My heart skipped a beat when my wife told me she loved Albert. He was a young, muscular, good-looking tricolor setter of North Carolina quail stock, part of the field-dog rotation at The Webb Farm. Bill Webb owned him, Wade Meacham trained him and Kenny Rabb hunted him. One day, Albert tore a ligament, and despite surgery he would never get back to the rigorous hunting schedule required of him at the farm.
Bill knew the setter still had a lot more bird-chasing years in him. If Albert were worked out regularly and hunted for shorter periods of time, he’d be just fine. And so it came to be during our annual winter hunt at The Webb Farm. Bill could think of no better fit for Albert since we work our dogs regularly and each of our coverts takes about an hour to hunt. We were shoeins for the Adopt Albert program, and everyone wanted the dog to find a home in our kennel – except for me.
How do you take a big running dog whelped on fields full of wiregrass, lovegrass, milo and bicolor lespedeza and get him to like the tight, harsh New England coverts? The term “exercise in futility” came to mind, and I was concerned that I could take the dog out of the South but that I wouldn’t be able to take the South out of the dog.
Any protest I may have had was over by the time my daughter met Albert. She liked the tan and black patches around his eyes, and she smiled when he flopped into her lap. I folded like a house of cards, and we picked up Albert on an 85-degree, Carolina-blue spring day. Love was in the air.
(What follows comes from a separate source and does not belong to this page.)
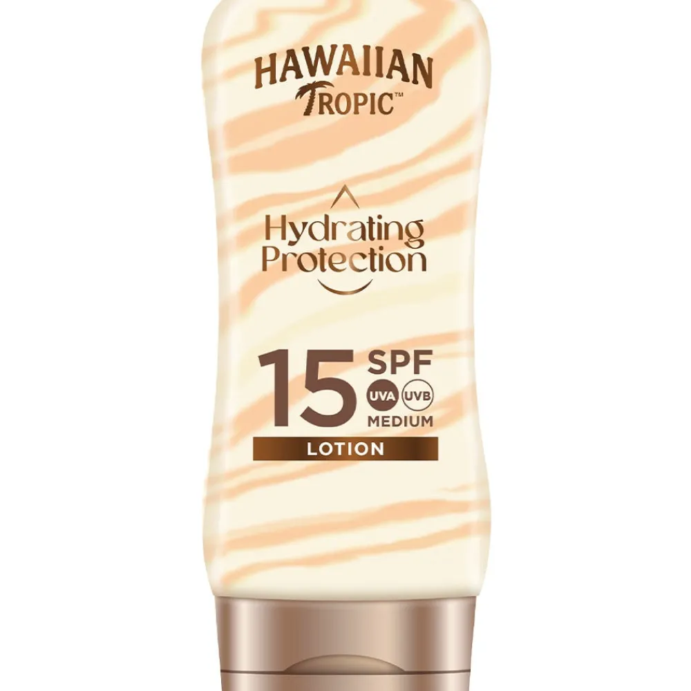 Die Hawaiian Tropic Hydrating Protection Sun Lotion LSF 15 bietet einen umfassenden UVA- und UVB-Schutz, während sie gleichzeitig deine Haut pflegt und mit Feuchtigkeit versorgt. Sie nährt und hydratisiert deine Haut bis zu 12 Stunden. Dabei erfrischt sie die Haut mit einem sinnlich tropischen Duft, ganz ohne öliges Gefühl.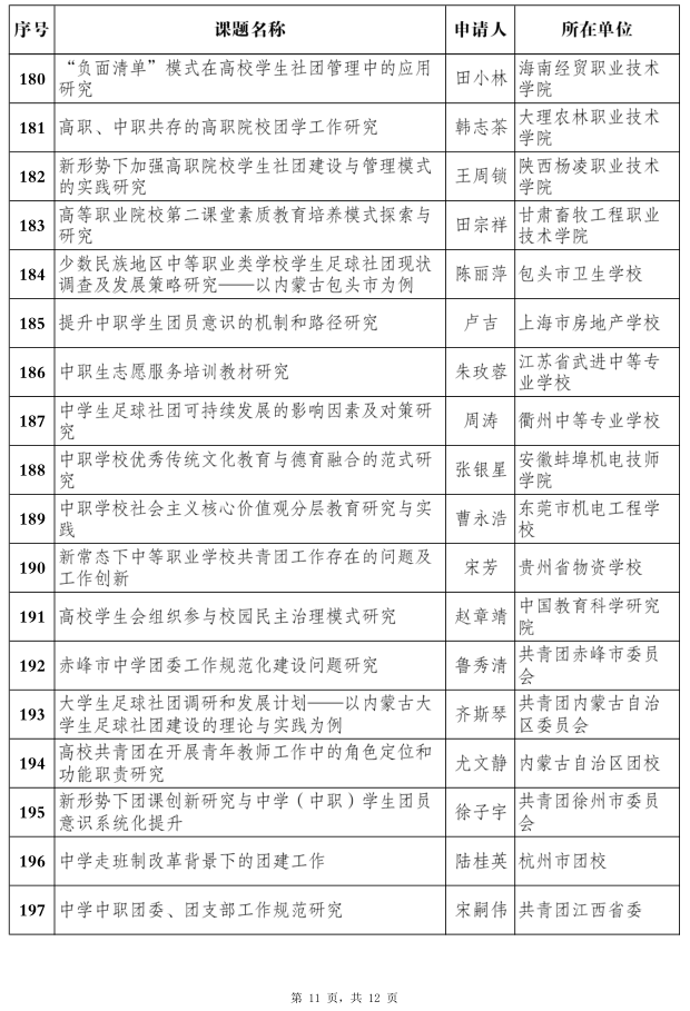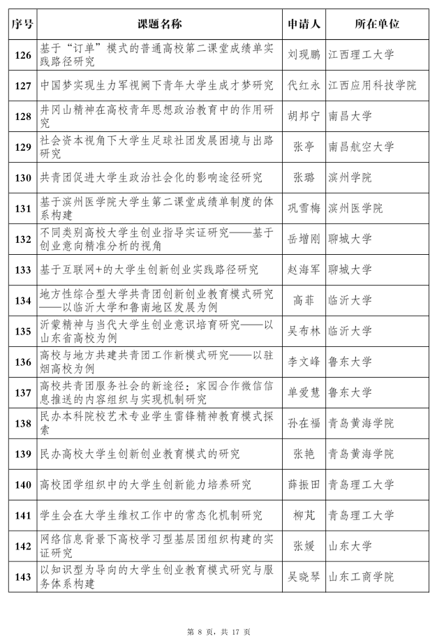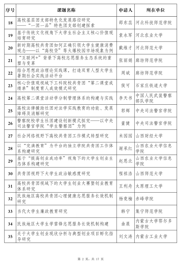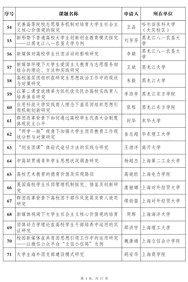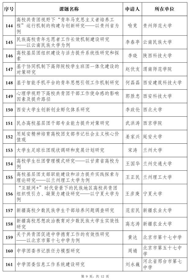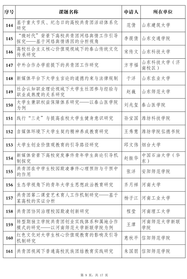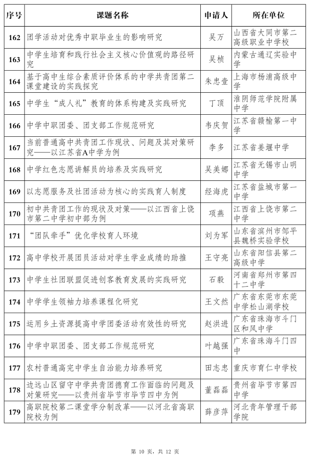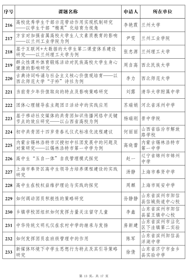任何单位和个人对拟入选的课题名单持有异议,请在公示时间内以电话、邮件或信函等方式向团中央学校部提出,为便于核实、反馈有关情况,请提供真实姓名、联系方式和工作单位。我们将严格遵守工作纪律,履行保密义务。

The dog adjusted just fine to his new life above the Mason-Dixon Line. I ran him in the woods, we did casting two-a-days to shorten his range and he showed a lot of promise. He was a smart, experienced, well-trained gun dog, and it helped that our summers reminded him of his days on the piedmont. Albert proved that you can teach an old dog new tricks.
There was just one hitch. As horses balk at jumping fences, field dogs usually reject thick cover. Unless it’s in their blood, hat dog – or for that matter, what hunter – would trade the softness of wheat, milo, and barley fields for the impenetrable white birch runs, the stabbing Hawthorne tines, the shrouds of bull briars, and the snarling tangles of raspberry vines? Dogs usually don’t volunteer to run through that kind of mess, and Albert was no exception.
Anything done in moderation shows a lack of interest, so I tried a mentorship program. I ran Albert with one of my cover dogs, which made about as much sense as socks on a rooster. I had one dog in the cover and one dog in the field, and I was in the middle. If you’re wondering about that patch of gray hair on my head, it blossomed on that day.
I like to build on successes, and Albert’s came slowly. His first win came in the Ed Gray covert. The covert was one of Ed’s favorites, and it is a delightful old farm with a hillside slope that was chock-a-block with apples, high-bush cranberries and haws so thick you could barely see daylight on the other side. A river runs through the bottom, and alder and white birch are everywhere. On a good day, you could shoot grouse on your way down to the bottom, and on a great day you’d find a few woodcock. A tremendous field separated the two sections, and that was where Albert flash-pointed his first grouse. Later on I shot a pair of timberdoodles over his points, and my friend Cabe shot a few woodcock over Albert in the King’s Covert, too. But when we were slow to find birds, Albert headed straight for the nearest field.
Albert didn’t much care to get shredded and stabbed by the bush and briars. When it’s hot and the birds are tucked away in the shade and the moisture of the thickest of thick coverts, you’ve got to have the patience of Job to work your way through. At the end of a season, my double-faced chaps are shredded and I’ve got scars on my face and wrists, but my scrapes pale in comparison to a dog on the ground. Albert wanted no part of the jungle, and the only way I could get him into the coverts was to show him a benefit. That magic arrived when the woodcock flights were heavy.
I looked forward to the full moon at the end October. The temperatures would be lower, and a killing frost would open up the woods. The heavy west-northwest winds would knock down the leaves from the trees, and there would be more chalk on the ground than on a teacher’s blackboard. I decided to put him in Freight Train, my best covert, and hoped that a flight of woodcock had dropped in for a visit.
Albert was cranked and ran over the first few before he settled down and got to work. It helped that the woodcock were spread perfectly throughout the covert. His casting tightened up to a 30- to 35-yard range on the whistle, he figured out the difference between ground and body scent and he found the birds where they always are – right in the thickness. Repetition makes the master, and after 24 birds in under an hour, Albert was well on his way to becoming a New England cover dog.
Birds make a bird dog, and for the rest of the season old Albert ran as good as my other setters, Ocracoke and Rowdy. Sometimes he ranges a little too far, and when he does he stands back off the bird a ways to let me catch up. When I get done zigzagging through the woods, he’ll reposition closer toward the bird; when I find a space open enough to take a shot, he’ll lock right up. Albert has added grouse and woodcock to his repertoire, but he’ll forever be a Southern gentleman, just the way we love him.